» **Records provided**:
▬▬▬▬▬▬▬▬▬▬

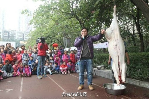 12月24日下午,重慶玉帶山小學(xué)舉行“民俗文化代代傳 傳統(tǒng)文化進(jìn)校園”活動(dòng)。學(xué)校從鄉(xiāng)下買(mǎi)回兩頭年豬,請(qǐng)來(lái)村民講述年豬習(xí)俗,殺豬匠殺豬后,科學(xué)老師為學(xué)生講解年豬身體結(jié)構(gòu)。
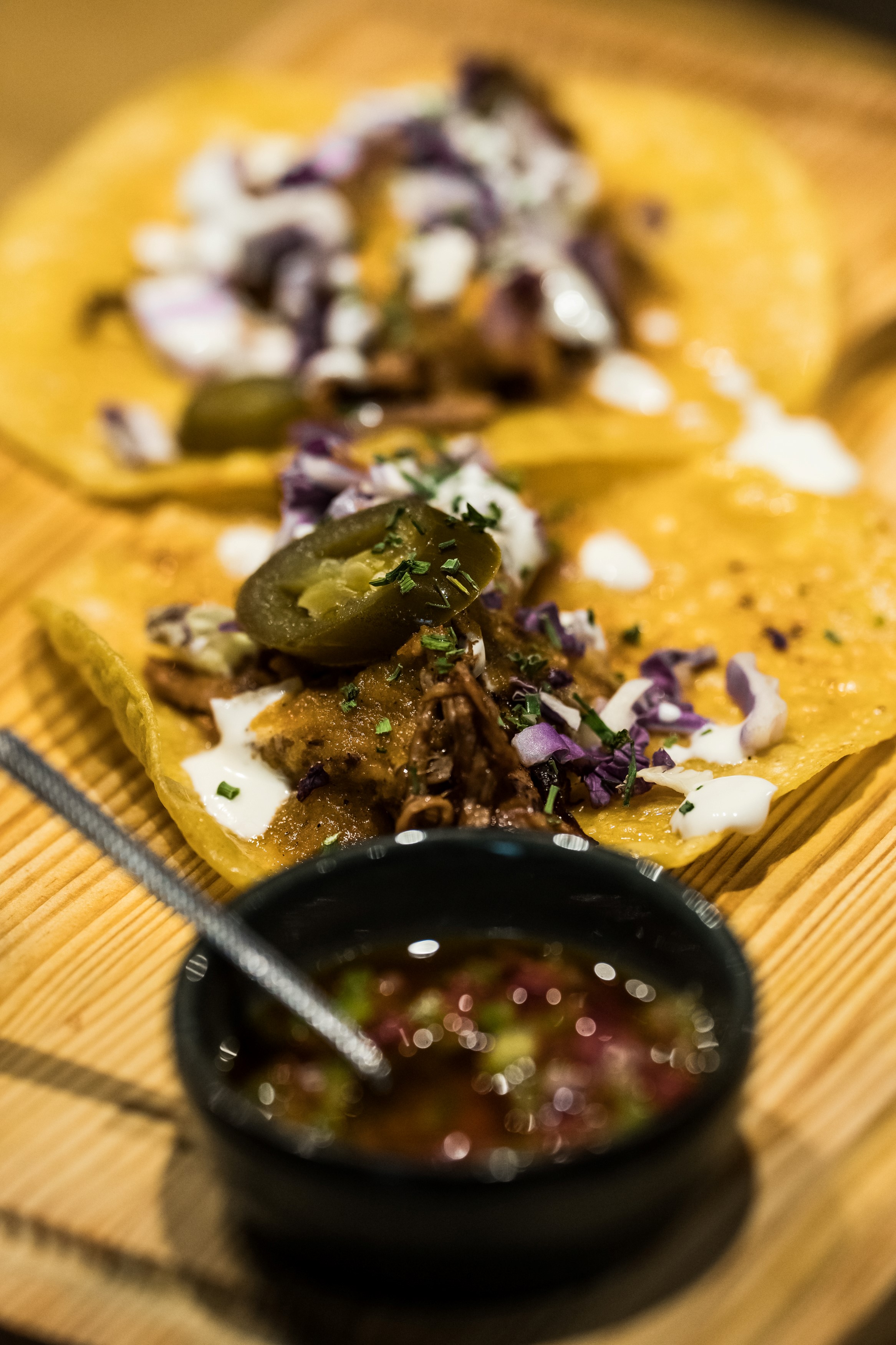 Na carta cabem os habituais exemplares da cozinha mexicana, confeccionados a preceito. São eles os nachos cobertos por guacamole e pico de gallo, na versão vegetariana, e servidos com chilli de carne de porco, frijoles (pasta de feijão preto) e jalapenos, em alternativa; as quesadillas e os tacos, sejam eles de porco com molho barbecue, de frango com molho de mostarda, vegetarianos com abacate e pimentos, ou de camarão salteado.
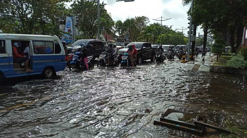 Seperti yang juga terjadi di kota Semarang dan Palembang beberapa waktu lalu, dikarenakan hujan yang turun dengan intensitas cukup tinggi mengakibatkan banjir terjadi di beberapa titik.
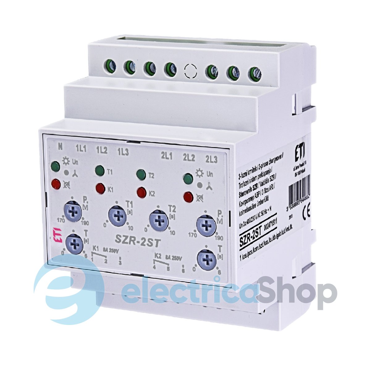 Реле SZR-2ST контролируют параметры основной и резервной сети. Светодиоды и регуляторы на левой стороне реле относятся к основной сети, а на правой – к резервной. В момент пропадания фазы или асимметрии сети реле будет сигнализировать отключением зеленого светодиода (на левой стороне, “Un”) и автоматически отключит питание от основной сети (погаснет светодиод “K1”). Задержка срабатывания при пропадании фазы предотвращает частое переключение в случае кратковременных перебоев в напряжении питания. Затем, по истечении заданного времени, установленного регулятором “Т2”, включится резервное питание, если параметры резервной сети являются правильными. В случае с реле SZR-2ST пользователь имеет возможность задать значение при помощи: “P” – порога срабатывания и “Т” – времени задержки срабатывания реле при пропадании фазы. Время задержки рассчитывается с момента пропадания фазы до момента включения резервной сети и является суммой задержки срабатывания при пропадании фазы (~2 сек или значения “T”) и установленного интервала времени между задержками переключения контакторов (“Т2”).
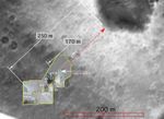 Scientists created this overlay map by laying navigation and panoramic camera images taken from the surface of Mars on top of one of Spirit's descent images taken as the spacecraft descended to the martian surface. The map was created to help track the path that Spirit has traveled through sol 44 and to put into perspective the distance left to travel before reaching the edge of the large crater nicknamed "Bonneville."
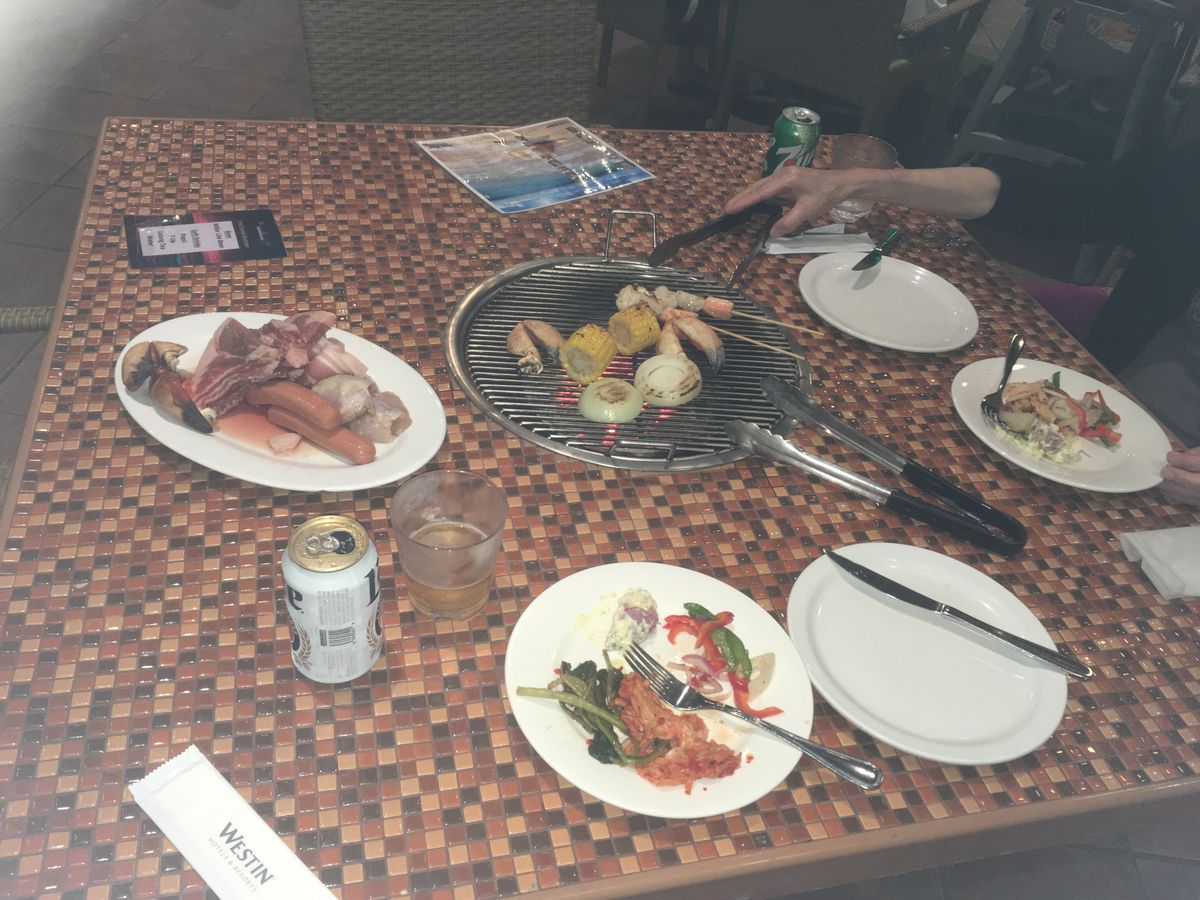 ウェスティンにたどり着いてもかなり場所がわかりにくく、少し迷いました。ホテル内の案内図などを事前に送って頂ければ助かるのにな、と思いました。天気は残念でしたが、スタッフの方は気さくにいろいろと気にかけてくれ、飲み物もずっと補充してくれましたので居心地は良かったです。コンロの火力が弱まれば炭も追加してくれるようです。
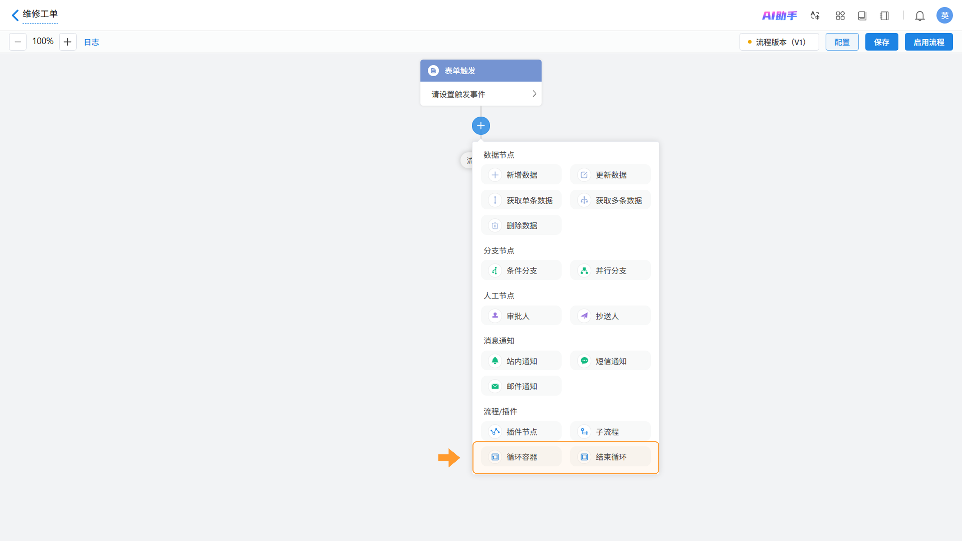 本期工作流新增“循环容器”与“结束循环”节点,支持对多条数据进行批量自动化的重复处理,让批量任务执行更高效。
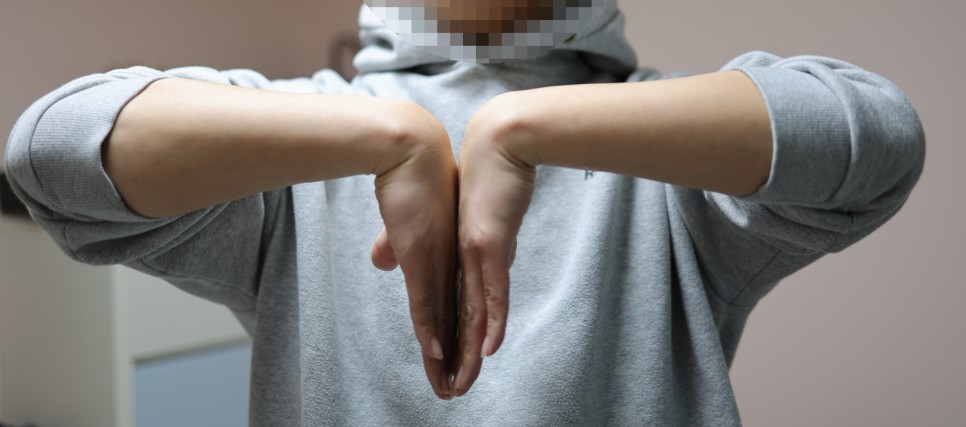손목 바깥쪽을 푸는 주먹을 쥔 상태에서 손등을 위로 향하게 하여 주먹을 안쪽으로 가볍게 내립니다.손등을 구부리는 동작으로, 이 또한 팔꿈치는 편 상태로 진행이 됩니다. 5~10초 동안 동작을 유지해 줍니다.
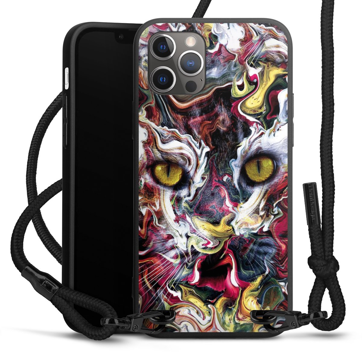 The matt black silicone case is made of flexible TPU (thermoplastic polyurethane) and offers robust protection. The durable, unbreakable material makes the cover flexible and dimensionally stable at the same time. The matte surface makes your design stand out more and is less susceptible to fingerprints and dirt. The stylish trend accessory fits comfortably in the hand and is perfectly complemented by the fabric (polyester) mobile phone strap. The braided fabric strap is approx. 1.70 metres long with a diameter of approx. 0.5 cm. Due to the special knotting technique, the length of the strap can be adjusted by simply pulling it, so that you can adapt it individually to your wishes. The practical case to wear around your neck is available with the fabric strap in black. As a little icing on the cake, we have provided the strap with a chic metal fastener in matt black. The strap is securely fastened to the case with loops made of high-quality genuine leather and press studs. The ends of the fabric strap are covered with metallic end caps and thus protected from fraying.
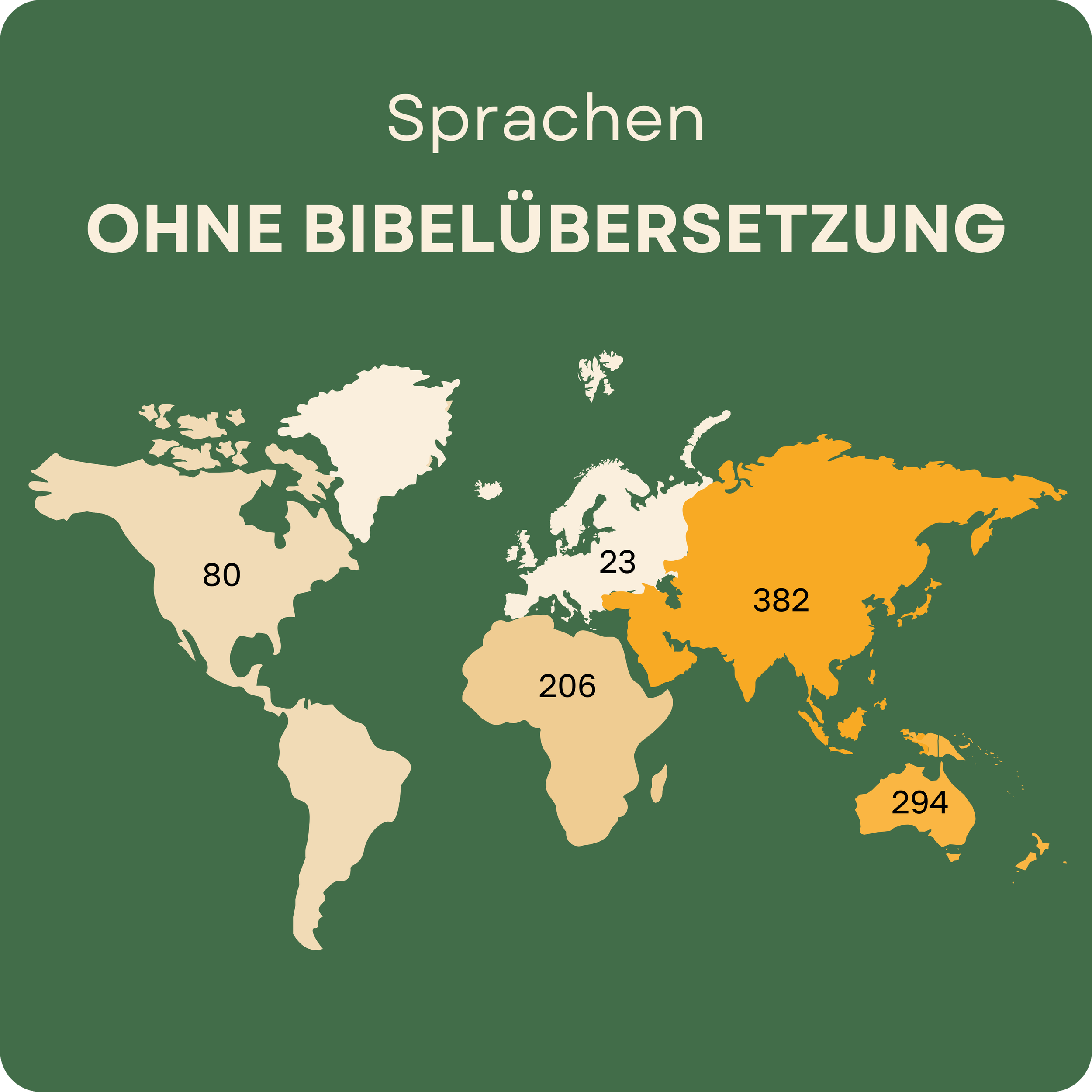Gleichzeitig erlebt Afrika ein rapides Wachstum seiner christlichen Bevölkerung. Bis zum Jahr 2050 wird der Kontinent mehr als 1,2 Milliarden Christen beheimaten, was einen dramatischen Anstieg im Vergleich zu 400 Millionen im Jahr 2000 darstellt. Damit wird Afrika zur Region mit der weltweit größten Konzentration an Christen, was einen dringenden Bedarf an Bibelübersetzungen in den Herzenssprachen dieser Gläubigen erzeugt.
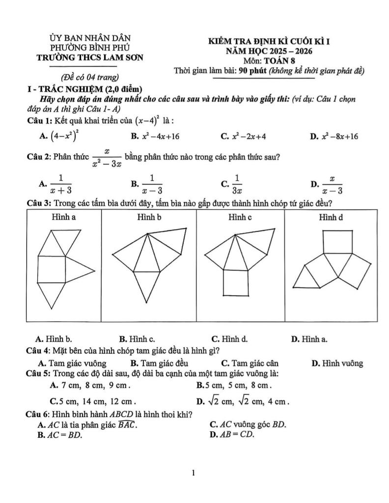 Trích dẫn Đề cuối kì 1 Toán 8 năm 2025 – 2026 trường THCS Lam Sơn – TP HCM:
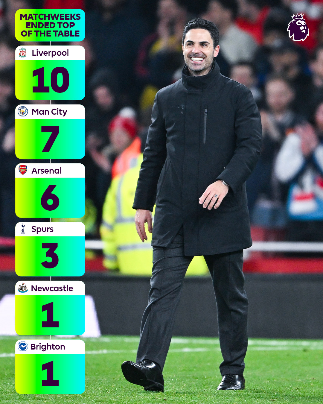 Arsenal Will End The Week As Premier League Table Toppers For The First Time Since Match-week 18
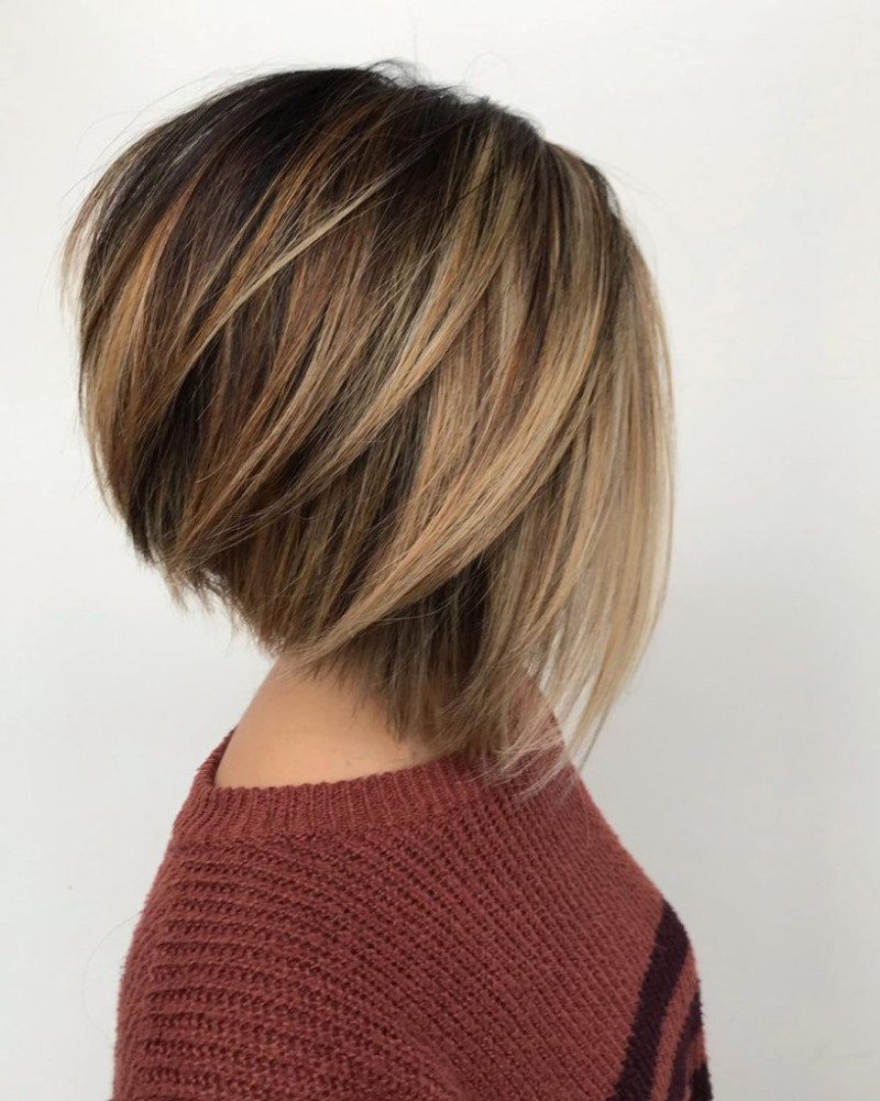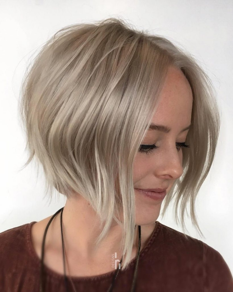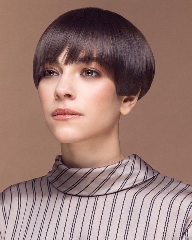 Короткий градуированный боб. Градуировка подчеркивает симметрию овала и придает ему дополнительный объем.
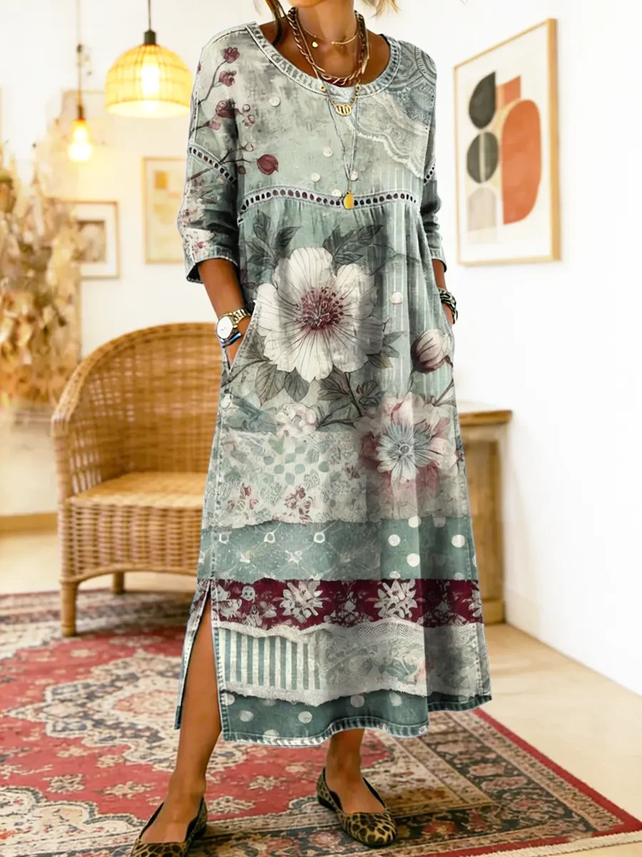 Women's Bohemian Floral Art Print Round Neck Hollow-out Denim Dress
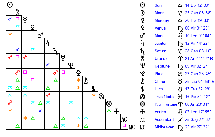 | Sun | 14 Libra 12 | 14 Libra 41 | 17 Capricorn 59 |
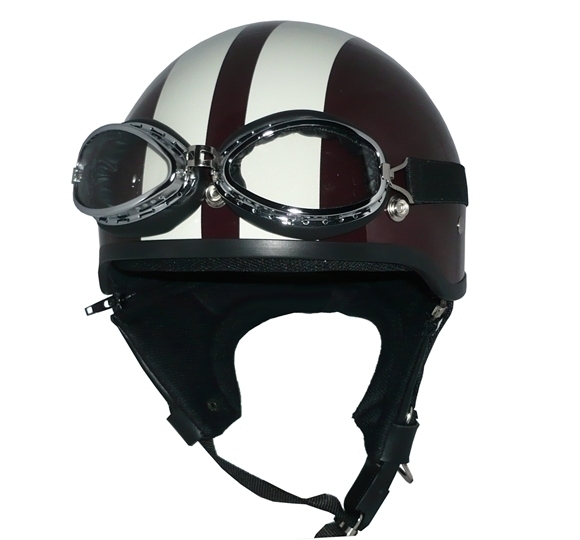 > ZK-600 装飾ゴーグル付きハーフジェット(ブラウン/アイボリー) SG公認 耳あて脱着可能! ポリスヘルメット ポリヘル
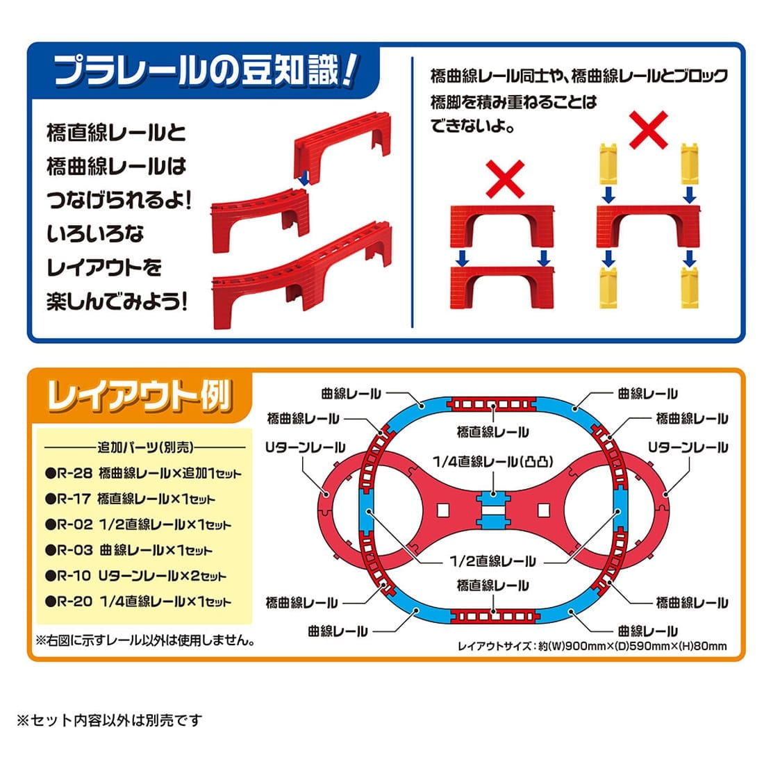 橋曲線レールや、別売りの「R−17 橋直線レール」とたくさんつなげることで、迫力ある長い橋を作ることができます。

▬▬▬▬▬▬▬▬▬▬

» **Aim of the exercise**: Output, exactly and without pictures, the lines above that run from the one containing "Короткий градуированный боб." through the last line of the entries, inclusive.

» **Task result**:
 Короткий градуированный боб. Градуировка подчеркивает симметрию овала и придает ему дополнительный объем.
 Women's Bohemian Floral Art Print Round Neck Hollow-out Denim Dress
 | Sun | 14 Libra 12 | 14 Libra 41 | 17 Capricorn 59 |
 > ZK-600 装飾ゴーグル付きハーフジェット(ブラウン/アイボリー) SG公認 耳あて脱着可能! ポリスヘルメット ポリヘル
 橋曲線レールや、別売りの「R−17 橋直線レール」とたくさんつなげることで、迫力ある長い橋を作ることができます。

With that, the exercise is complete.